The expected output is the data below, character for character, without its pictures.

# # # # # # #

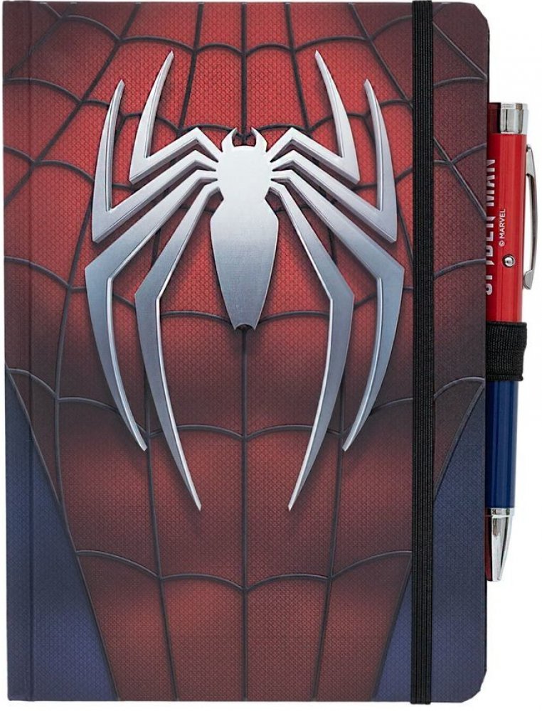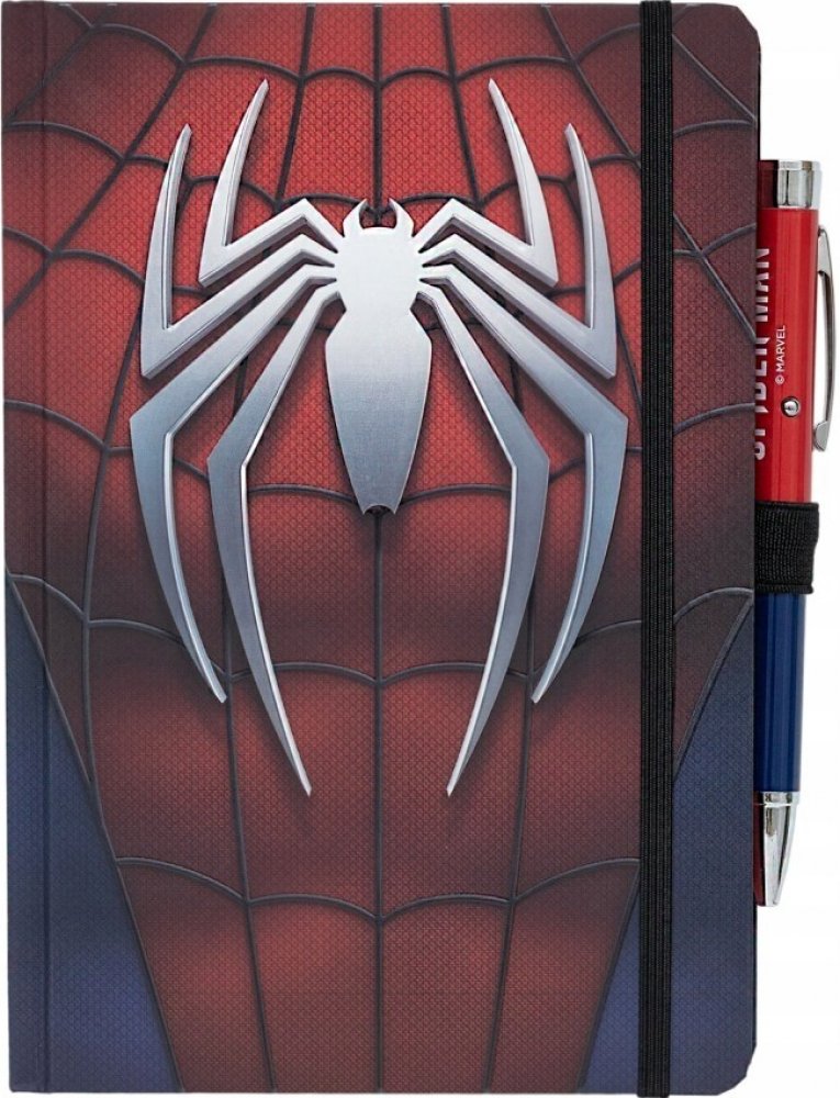 Zaznamenej své nápady hrdinsky s tímto Spider-Man zápisníkem! Tento zápisník s pevnou vazbou má matný povrch, zaoblené rohy, záložkovou stužku, elastické zavírání a praktickou kapsu. Obsahuje 92 listů (184 stran) bodkovaného papíru o gramáži 100 g/m², ideálního pro psaní nebo kreslení. Navíc součástí balení je pero, které po stisknutí tlačítka promítá obrázek. Pero je napájeno 4 bateriemi AG3, které jsou součástí balení.
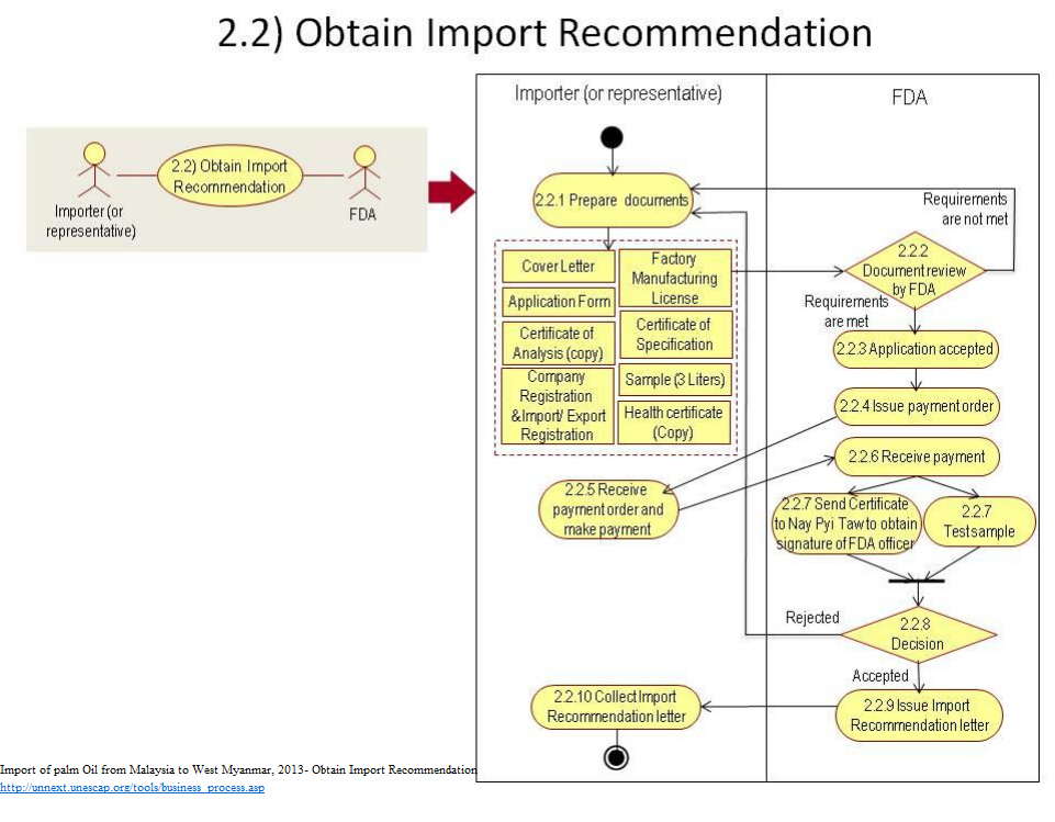 1. Importer prepares required document and submits online application at Myanmar trade net website. 2.Public access center (PAC) at MOC receives the submitted documents. 3.PAC checks accuracy and completeness of the online application. 4.If submitted documents meet all requirements, PAC gives order to make e-payment at Myanmar Citizen Bank (MCB). 5.Importer completes the e-payment. 7. Import section of MOC receives notification (or receipt) of e-payment. 8. PAC issues a hard copy of the online application and makes it available to the exporter. 9.Importer brings the hard copy of the Import License application to the Import section of the Ministry of Commerce in Nay Pyi Taw. 10.The Import section assesses the current market price of the products based on records of the Myanmar Edible Oil Association 11. Importer pays Import License fees via e-payment. 12.MCB receives the Import License fees. 13.MOC receives notification of Import License duty payment from MCB. 14.Import section of MOC issues Import License. 15. Importer collects the Import License. All documents required for the application are also submitted to the PAC. Those documents are: - Cover letter - Sales contract (original) or pro-forma invoice (original) - Statement of usage - FDA import recommendation - Health certificate from the exporting country - Representative card
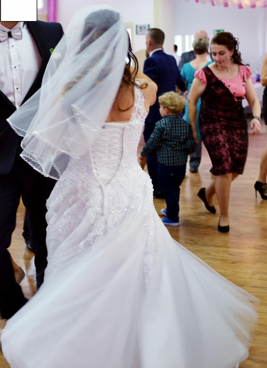 Na zdjęciach suknię założono bez koła, gdyż nie było mi potrzebne.
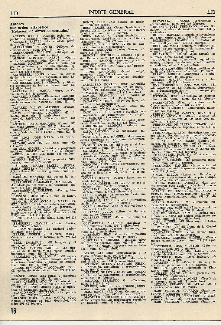 ÍNDICES DE LA REVISTA TRIUNFO |
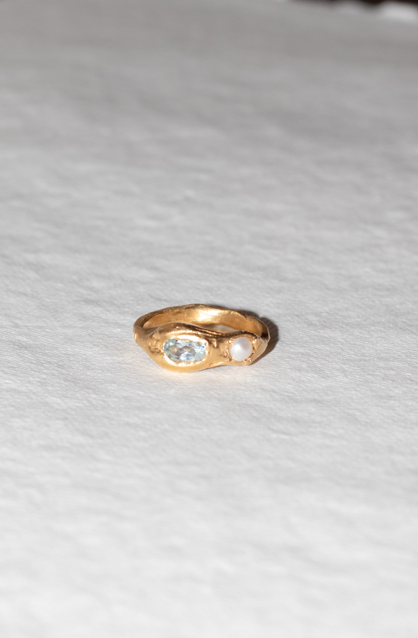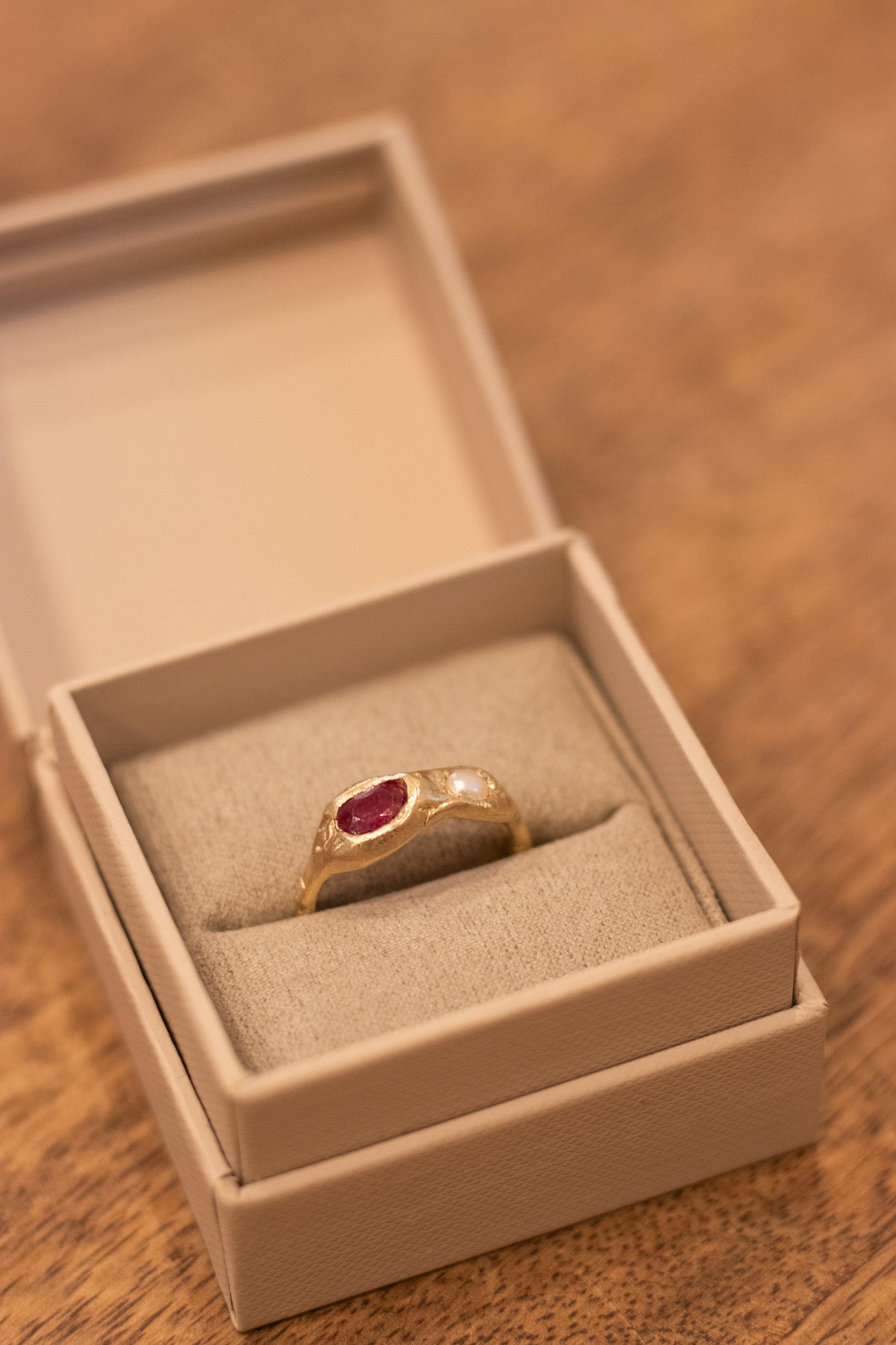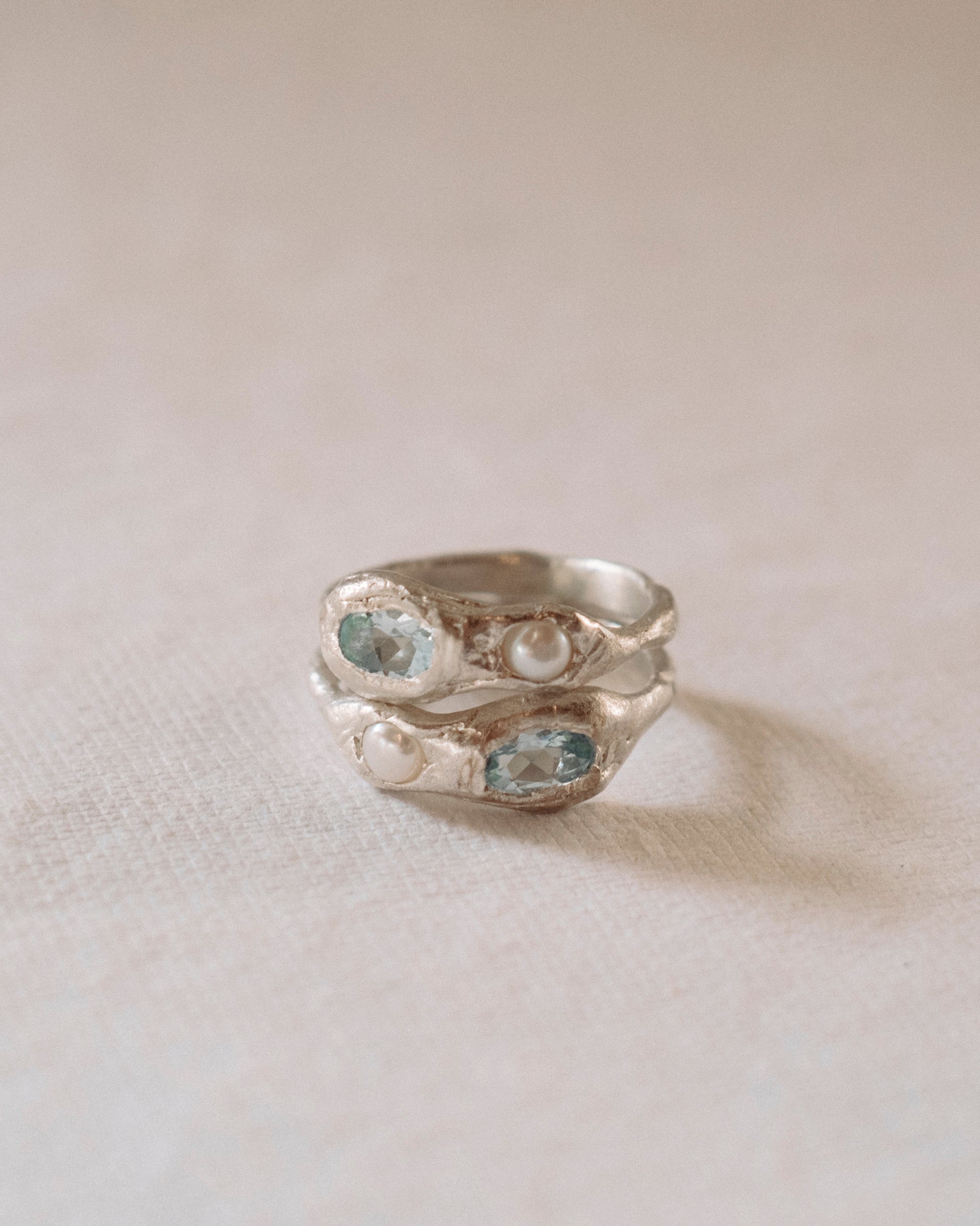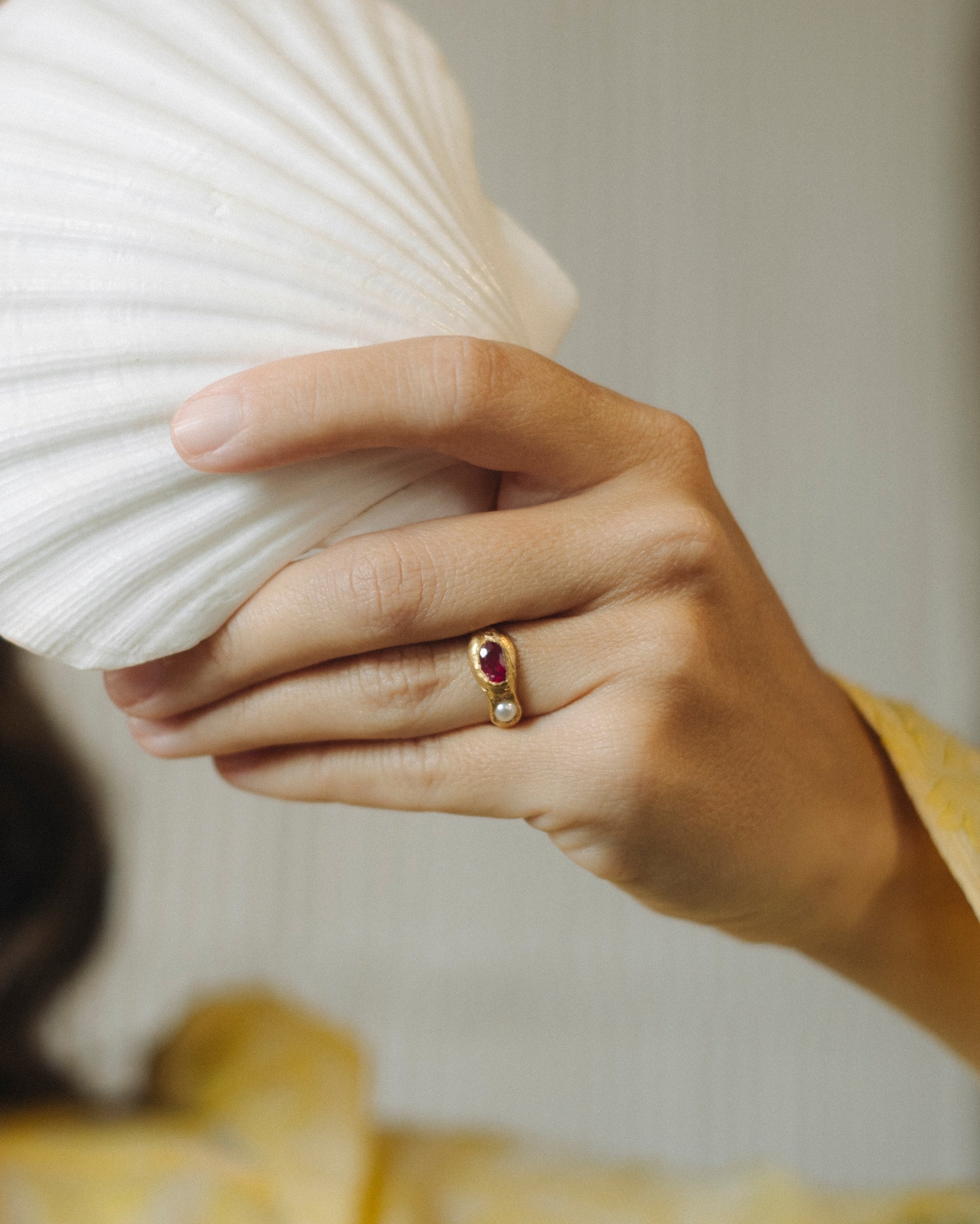 The Maar Ring stands out with its unique design and thoughtful details. Crafted in sterling silver, gold-plated silver, or 9K gold, it features two exquisite stones: a vibrant ruby, aquamarine ou sapphire paired with a luminous pearl.

# # # # # # #

- TASK RESULT:
 Zaznamenej své nápady hrdinsky s tímto Spider-Man zápisníkem! Tento zápisník s pevnou vazbou má matný povrch, zaoblené rohy, záložkovou stužku, elastické zavírání a praktickou kapsu. Obsahuje 92 listů (184 stran) bodkovaného papíru o gramáži 100 g/m², ideálního pro psaní nebo kreslení. Navíc součástí balení je pero, které po stisknutí tlačítka promítá obrázek. Pero je napájeno 4 bateriemi AG3, které jsou součástí balení.
 1. Importer prepares required document and submits online application at Myanmar trade net website. 2.Public access center (PAC) at MOC receives the submitted documents. 3.PAC checks accuracy and completeness of the online application. 4.If submitted documents meet all requirements, PAC gives order to make e-payment at Myanmar Citizen Bank (MCB). 5.Importer completes the e-payment. 7. Import section of MOC receives notification (or receipt) of e-payment. 8. PAC issues a hard copy of the online application and makes it available to the exporter. 9.Importer brings the hard copy of the Import License application to the Import section of the Ministry of Commerce in Nay Pyi Taw. 10.The Import section assesses the current market price of the products based on records of the Myanmar Edible Oil Association 11. Importer pays Import License fees via e-payment. 12.MCB receives the Import License fees. 13.MOC receives notification of Import License duty payment from MCB. 14.Import section of MOC issues Import License. 15. Importer collects the Import License. All documents required for the application are also submitted to the PAC. Those documents are: - Cover letter - Sales contract (original) or pro-forma invoice (original) - Statement of usage - FDA import recommendation - Health certificate from the exporting country - Representative card
 Na zdjęciach suknię założono bez koła, gdyż nie było mi potrzebne.
 ÍNDICES DE LA REVISTA TRIUNFO |
 The Maar Ring stands out with its unique design and thoughtful details. Crafted in sterling silver, gold-plated silver, or 9K gold, it features two exquisite stones: a vibrant ruby, aquamarine ou sapphire paired with a luminous pearl.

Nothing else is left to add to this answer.